Gencarkan Kaderisasi GP Ansor, Adin Tegaskan Tidak Ada Peradaban yang Maju Tanpa Membangun SDM

Gencarkan Kaderisasi GP Ansor, Adin Tegaskan Tidak Ada Peradaban yang Maju Tanpa Membangun SDM
Ketum PP GP Ansor Adin Jauharuddin saat pembukaan Susbanpim Angkatan VIII di Pusdiklat Bimas Lemdiklat Kabupaten Semarang. Foto: dokumentasi

Lingkar.co – Ketua Umum Pimpinan Pusat (PP) Gerakan Pemuda (GP) Ansor, Addin Jauharuddin menegaskan bahwa tidak ada peradaban yang maju tanpa membangun sumber daya manusia (SDM). Maka dari itu, GP Ansor menggencarkan kaderisasi formal, baik di tingkat cabang maupun wilayah.

“Tidak ada peradaban yang maju, tidak ada organisasi yang maju tanpa membangun sumber daya manusia (SDM). Itu kata kunci,” katanya saat pembukaan Kursus Banser Pimpinan (Susbanpim) Angkatan VIII di Pusdiklat Bimas Lemdiklat, Kabupaten Semarang Jawa Tengah, Rabu (13/5/2026).

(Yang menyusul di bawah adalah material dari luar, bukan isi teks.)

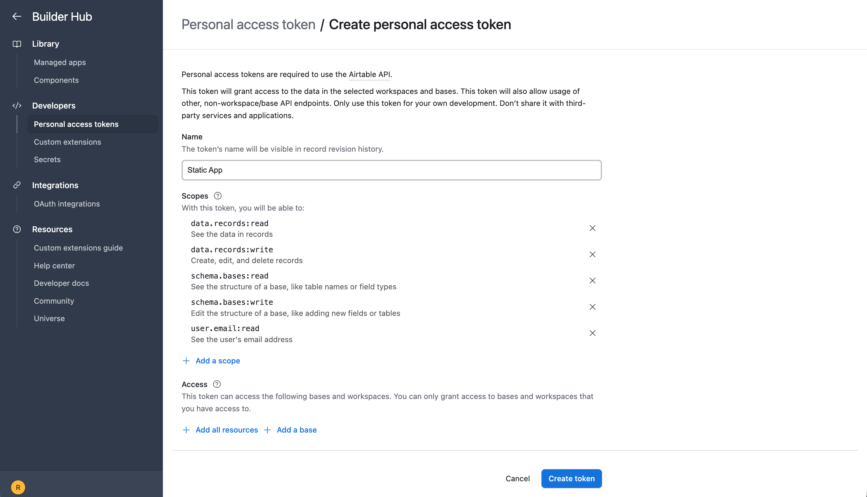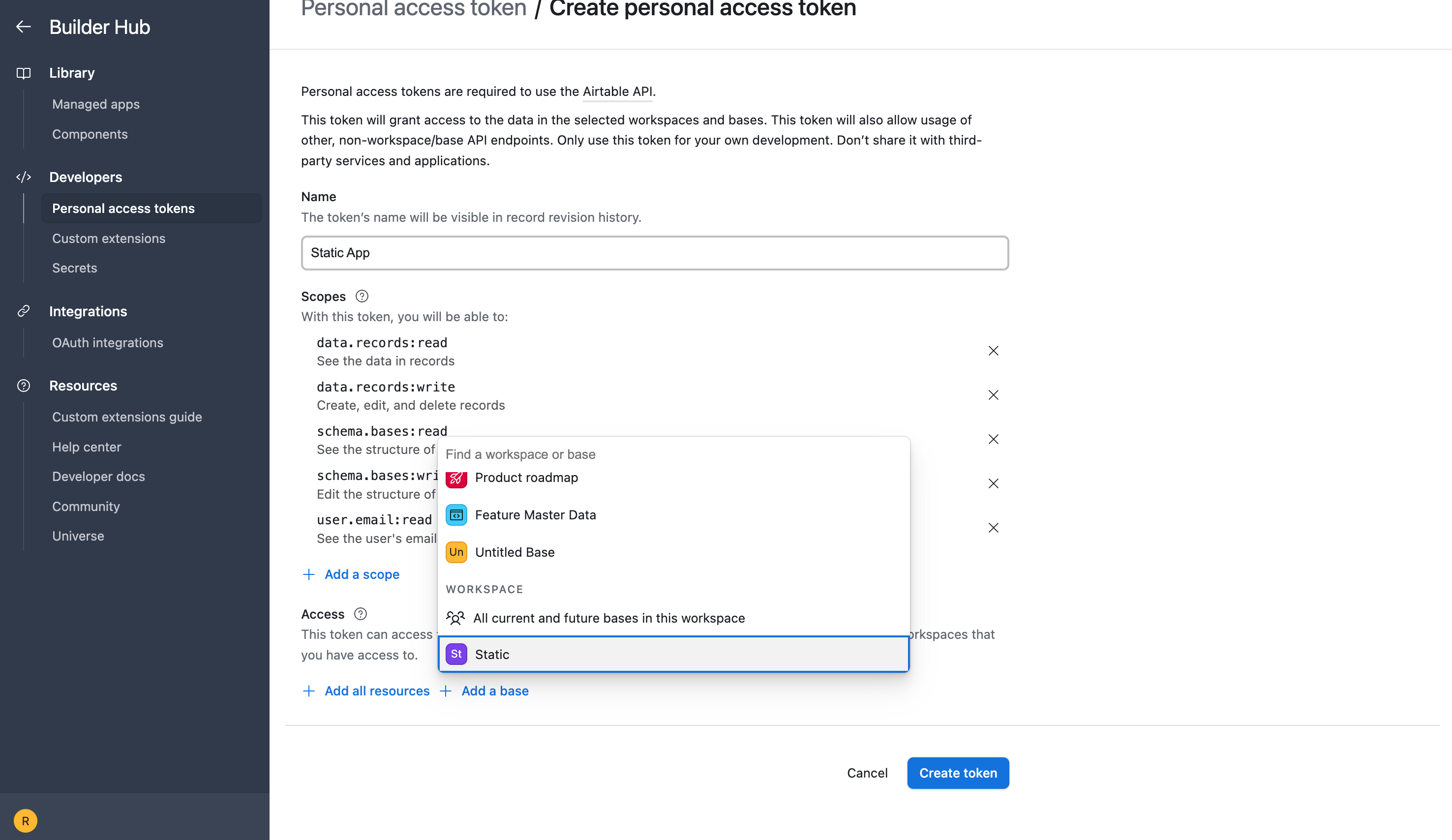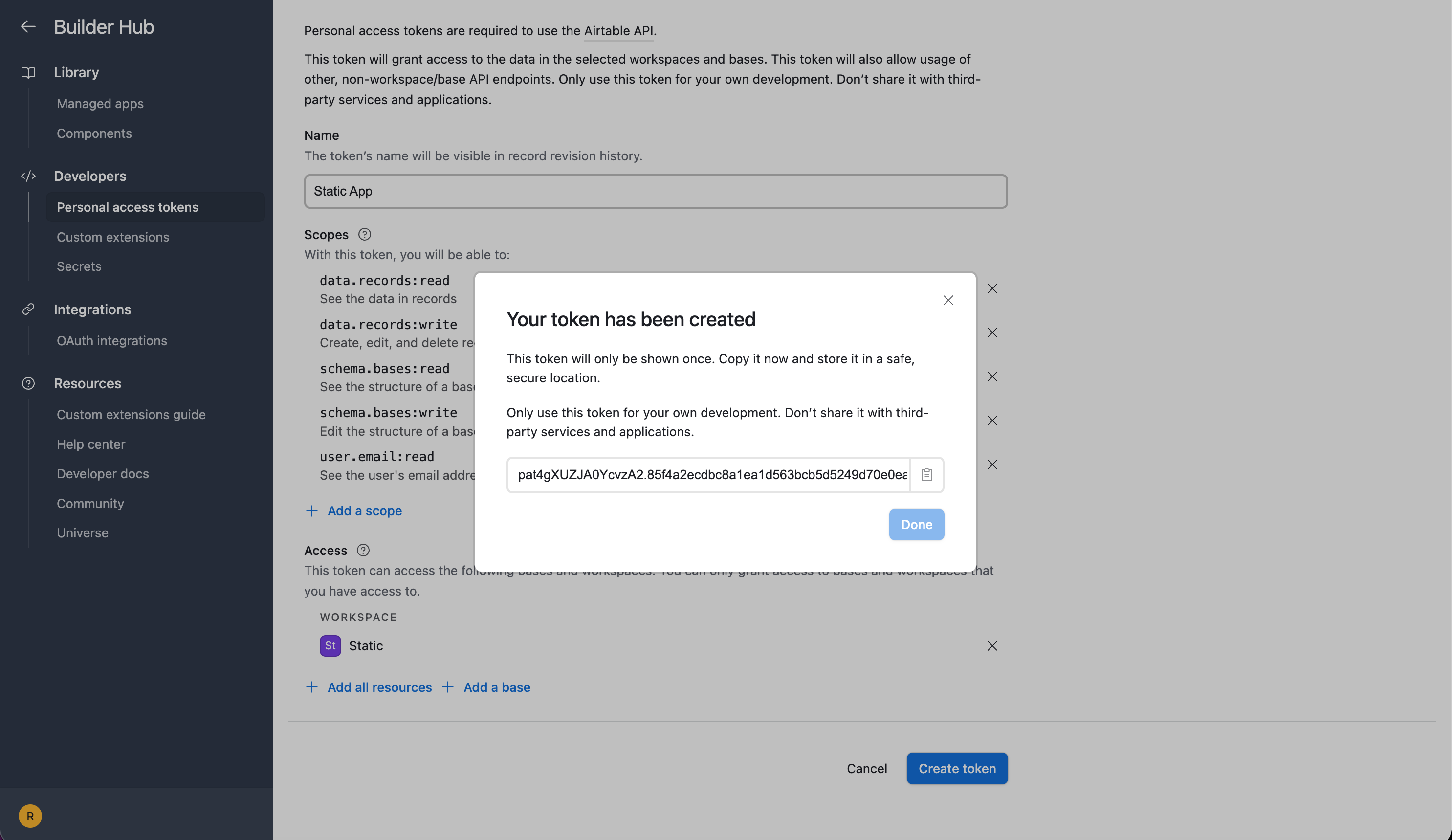 - Click the "Add Integration" button on Static.app and paste the Airtable token here.

Dalam konteks organisasi GP Ansor, transformasi pembangunan SDM dimulai dari kualitas narasumber yang mumpuni.

“Kedua, pengembangan kompetensi sehingga kita pastikan ke depan sahabat Ansor maupun Banser berdaya guna, bermanfaat dengan segala kemampuannya,”

Ketiga, lanjutnya, mengembangkan kepemimpinan yang mampu beradaptasi dengan berbagai perubahan di daerah.

Pada kesempatan itu, ia juga mengingatkan bahwa tugas semua kader dalam berorganisasi adalah memberikan berita yang baik, sistem, legacy, dan warisan yang baik untuk generasi berikutnya.

Saat ini, kata dia, Kursus Banser Pimpinan (Susbanpim) dan Pelatihan Kader Nasional (PKN) masih menjadi tingkat tertinggi dalam kaderisasi Ansor-Banser.

Untuk itu ia berharap para lulusan Susbanpim bisa menjadi kader penggerak yang mampu menjawab tuntutan dan tantangan kepemimpinan di daerah.

Garda Perjuangan NKRI

Sementara Gubernur Jawa Tengah, Ahmad Luthfi mengingatkan bahwa Banser merupakan garda perjuangan Negara Kesatuan Republik Indonesia (NKRI).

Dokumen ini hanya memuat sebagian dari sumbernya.